First, what is a Megakey:
Megakey is a combined key, coming from the detection entry.

Why do we need a Megakey:
The purpose of the Megakey is to understand that we are dealing with the same detection entry. “You need this for updating the metadata in the DB since, over time, we will accumulate full sets, but still, we add game entries to the games on a regular basis.

Also, we do occasional target renames, so we cannot use that for the Megakey either.”

Where does it come from:
When you see that this is a detection set, then you need to compute the Megakey (on the Python side).

For example:
For any fileset, there should be a possibility to merge manually. So, let’s say we change the language of an entry from en to en-us. This will create a new fileset with en-us because the Megakey is different, but a developer could go to the log, click on the fileset reference, and merge it.

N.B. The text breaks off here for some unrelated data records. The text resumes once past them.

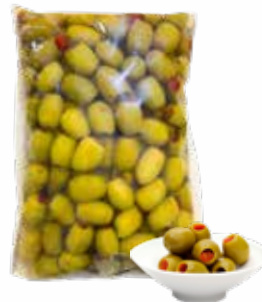
Aceitunas Verdes con pimiento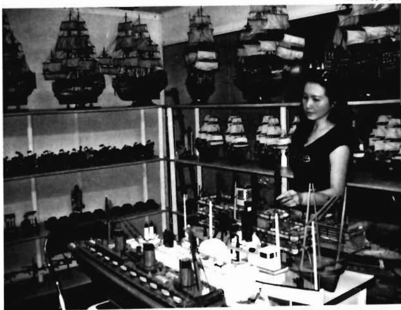
Ảnh Hòa Tân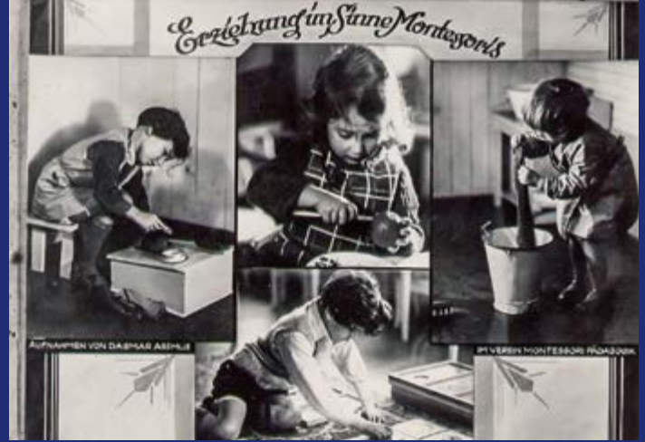
Impressionen aus einem Berliner Montessori-Kindergarten im Jahr 1926.

Markt frei walten lässt und dann zu spät feststellt, dass Wohnungen fehlen, weil es der Markt offensichtlich nicht richtet. Es kann nicht sein, dass im pflegerischen Bereich große Summen an ausländische Investoren abfließen, die hier ihr Geschäft machen mit pflegebedürftigen Menschen. Neben einer 180-Grad-Wende in der Steuer- und Finanzpolitik wäre für mich deswegen zentral, Gemeinnützigkeit und Gemeinwohlorientierung im Bereich der Daseinsvorsorge wieder in den Mittelpunkt zu stellen.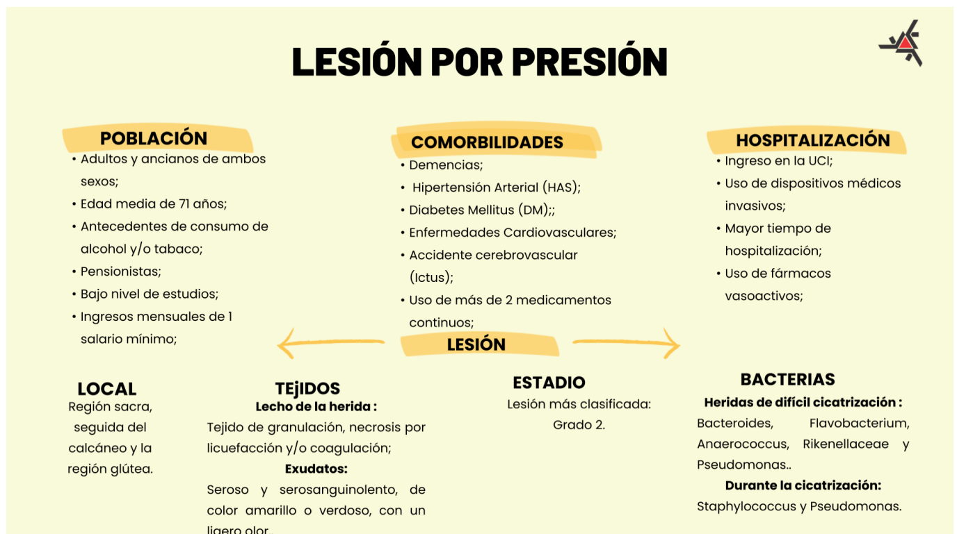
Figura 2 - Mapa conceptual del desarrollo de las lesiones por presión. Maringá, PR, Brasil, 2024 (n=29)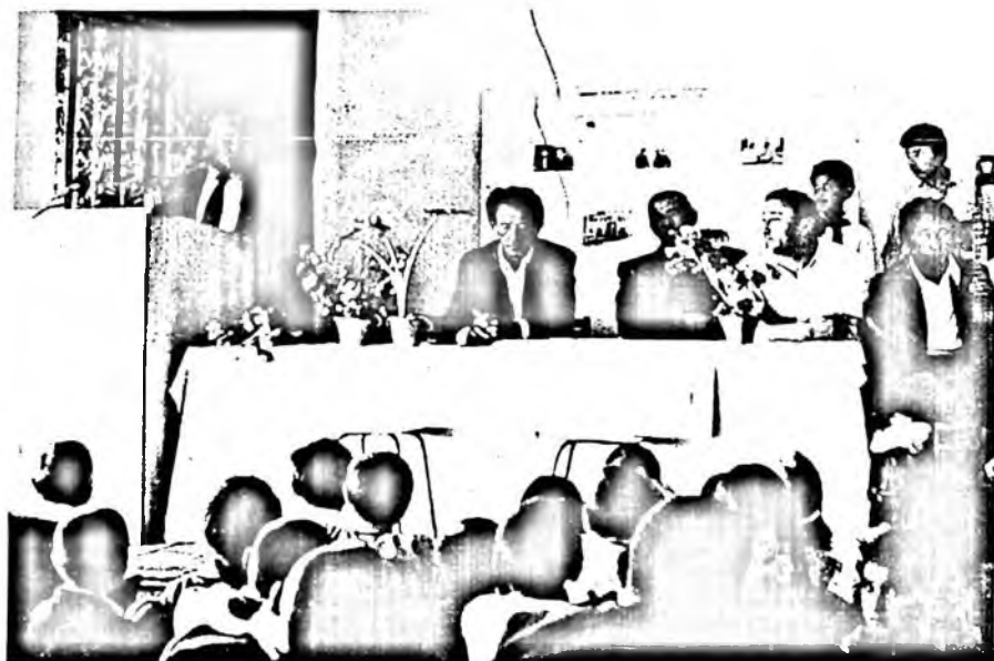
Шоир 115-мактаб-интернатда ўтказилган ижодий кечада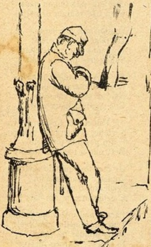
Para este dormir com socego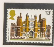
1978 - EXPOSICION FILATELICA «LONDON 1980»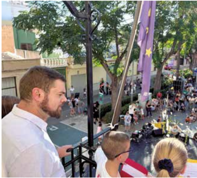
El pregó infantil des del balcó de l'ajuntament.

La novetat d'este any ha sigut la primera edició de les Festes Majors Infantils, que s'han celebrat del 9 al 13 de setembre. Esta iniciativa, liderada per les regidories d'Infància i Festes, i en col·laboració amb el Consell d'Infància i Adolescència Municipal (CIAM), ha buscat involucrar als xiquets i les xiquetes en la planificació i el desenvolupament d'activitats adaptades als seus gustos i interessos. Els menuts han disfrutat, després de donar el tret d'eixida amb el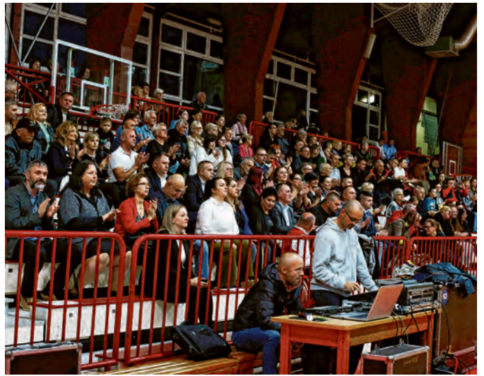
Posjetitelji su uživali u izvedbama čuvara tradicije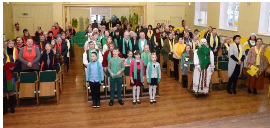
Giedame Tautišką giesmę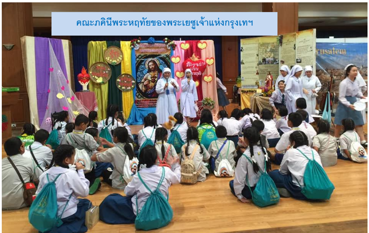
คณะภคินีพระหฤทัยของพระเยซูเจ้าแห่งกรุงเทพฯ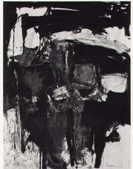
1 Carl Liner, Composition 1962

Depuis quelques années, la peinture de Carl Liner s'est dépouillée, favorisant la lecture d'une œuvre profondément humaine, sans fard, mais éclatante et émouvante.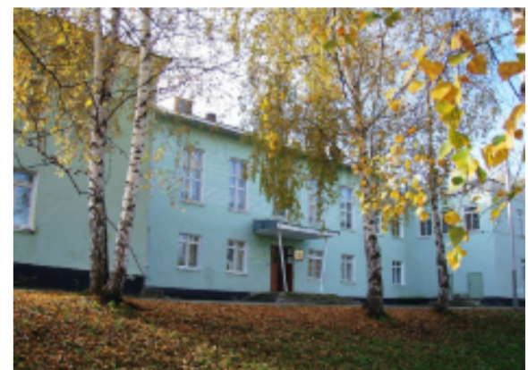
Россия, Пермский край, Лысьва. Здание музыкальной школы на ул. Никулина.

ей дальнейших успехов в благом деле духовного воспитания молодых граждан Лысьвы! Памятный знак «Герб Пермского края» представляет собой изображение Герба Пермского края. Основные его символы означают: Красный цвет – отвагу и мужество. Белый медведь – северную фауну. Евангелие - Христианскую веру. Именно так. Ведь наш Пермский край один из немногих субъектов России, имеющий в гербе Православную символику. Как, в общем-то, и само наше Государство Российское, имеющее в своем гербе Святого Георгия-Победоносца.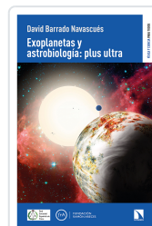
EXOPLANETAS Y ASTROBIOLOGÍA: PLUS ULTRA BARRADO NAVASCUÉS DAVID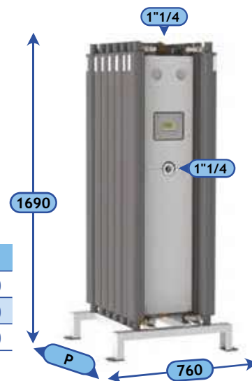
SEC 7 OX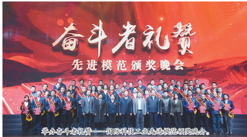
举办奋斗者礼赞——国防科技工业先进模范颁奖晚会。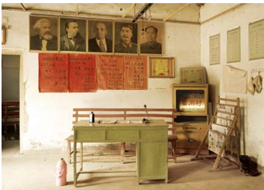
Qu Yan "Power Space - Wuzhuang village Head Office, Tushan Town, Pizhou County, Jiangsu Province", 2005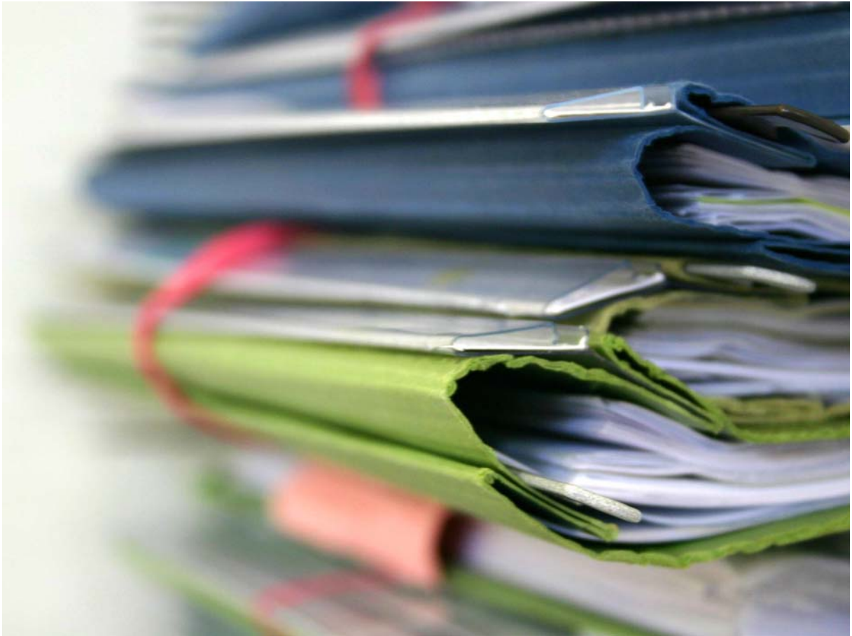
Gestire le offerte in modo completo ed efficiente con RADIX gestione offerte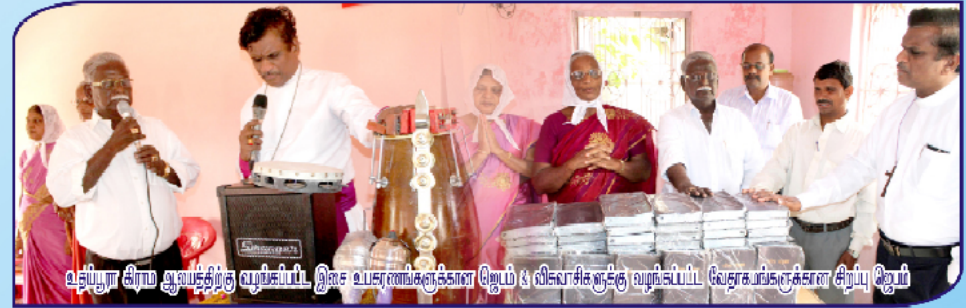
உதய்பூர் சிராம ஆலயத்திற்கு வழங்கப்பட்ட இலட்ச உபகரணங்களுக்கான ஜெபம் & விவாசிகளுக்கு வழங்கப்பட்ட வேதாகமங்களுக்கான சிறப்பு ஜெபம்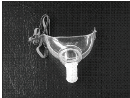
Figura 5. Ejemplo de tienda de traqueostomía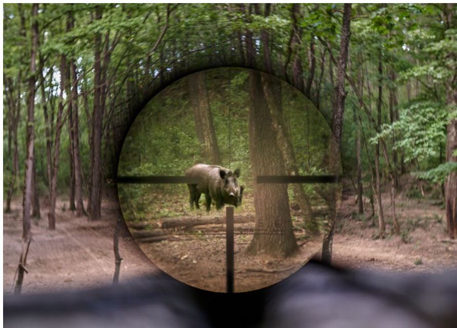
Osoby uczestniczące w polowaniu lub odstrzale sanitarnym, podczas którego pozyskano dziki, przez co najmniej 48 godzin po jego zakończeniu nie mogą mieć jakiegokolwiek kontaktu z utrzymywanymi świniami

Kontrolę sprawdzającą w przypadku wykrytych uchybień można potraktować jako spełniającą wymóg, jeśli odbyła się z uwzględnieniem nakazanego interwału czasowego;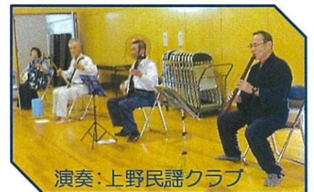
演奏：上野民謡クラブ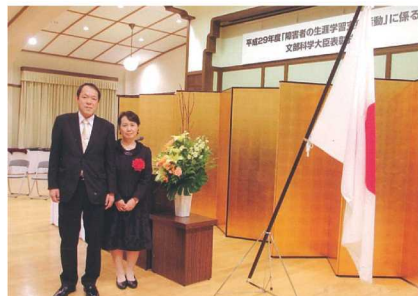
共に活動をされているご主人と表彰式にて

ボランティア大学受講をきっかけに、ボランティア活動を始められました。18年にわたり、視覚障害のある方でもできる音声パソコンを勉強する「パソコン・ココの会」、身体障害のある方の水泳補助「スイム・リーダー愛」での活動を続けておられます。その他にも障害のある方のデイサービスで音声パソコンの学習補助活動もされています。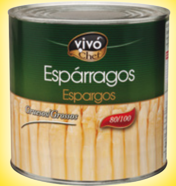
Espárragos VIVÓ CHEF 80/100, 2,5 kilos, 1,6 kilos p.e.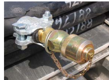
压力袋及其快速接头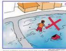
Jangan melintasi genangan banjir bila masih dapat dilewati Jangan melintasi genangan banjir bila masih dapat dilewati Do not cross the floodwater when it can be avoided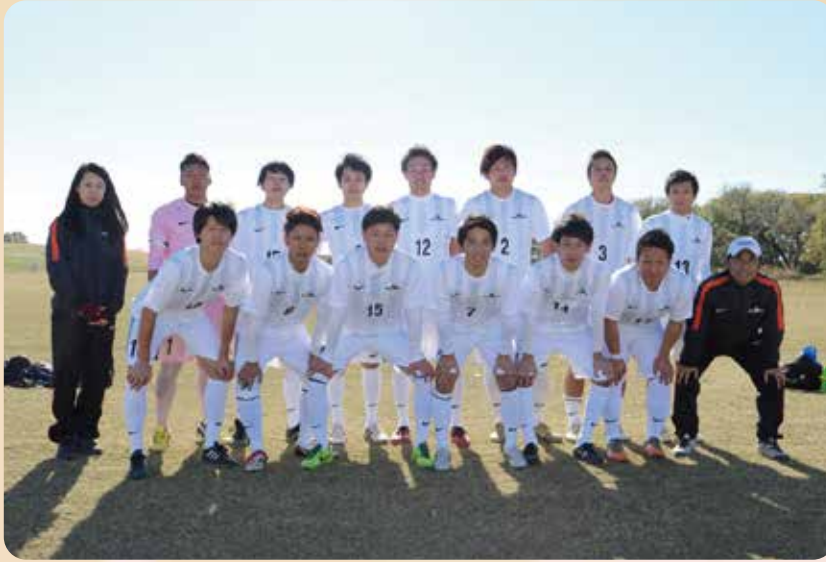
【4月1日】弊社サッカー部「セキショウフットボールクラブ」が開始しました。今年、茨城県サッカー協会社会人連盟3部リーグに参加し、見事リーグ優勝。来年は2部リーグへ参戦し、1部リーグ昇格を目指して活動します。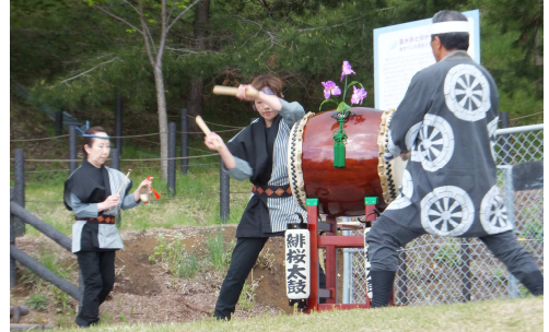
セレモニーの緋桜太鼓の演奏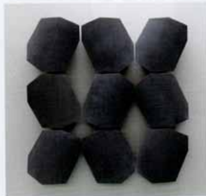
Kavel25, zink, 100 x 100 x 12,5 cm, 2018

quettes van zink gemaakt. Die interesse werd steeds groter en na verloop van tijd werden het werken die ik zelfstandig kon exposeren."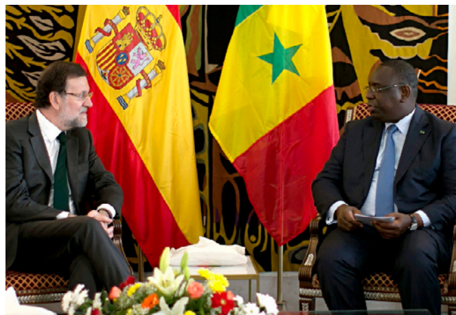
El anterior presidente de Gobierno español, Mariano Rajoy en un encuentro mantenido con el presidente senegalés, Macky Sall, en Dakar. 4/05/2015.- @ EFE

Participó activamente en el establecimiento y ratificación del Estatuto de la Corte Penal Internacional (CPI) en 1998 y su entrada en vigor en 2002, así como en la creación de la Corte Africana de Derechos Humanos y de los Pueblos (ACHR) cuyo Protocolo Adicional a la Carta Africana de Derechos Humanos y de los Pueblos entró en vigor en 2005.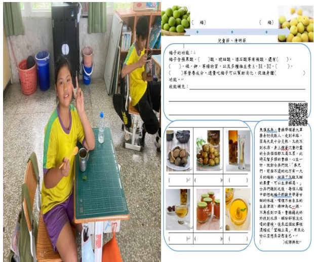
配合校訂彈性課程帶學生與社區餐飲老闆採訪並後續撰寫海報。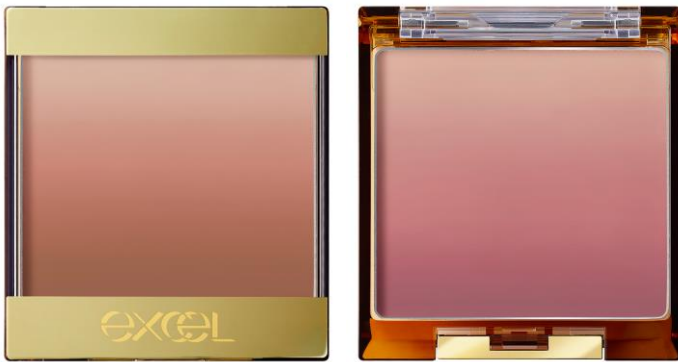
(写真左から:エクセル オーラティック ブラッシュ AB06、AB07)

Or, say, a new file is added to the detection entry. The Megakey will not match, so you will again create a new entry, but the developer who made this change knows what they’re doing and can go and merge manually.

Additionally, I improved the query operations on the fileset page, as I mistakenly performed many redundant calculations before.

I enhanced the comparison page during the merge process by highlighting the items with differences.

So far, both automatic and manual merging are functioning correctly.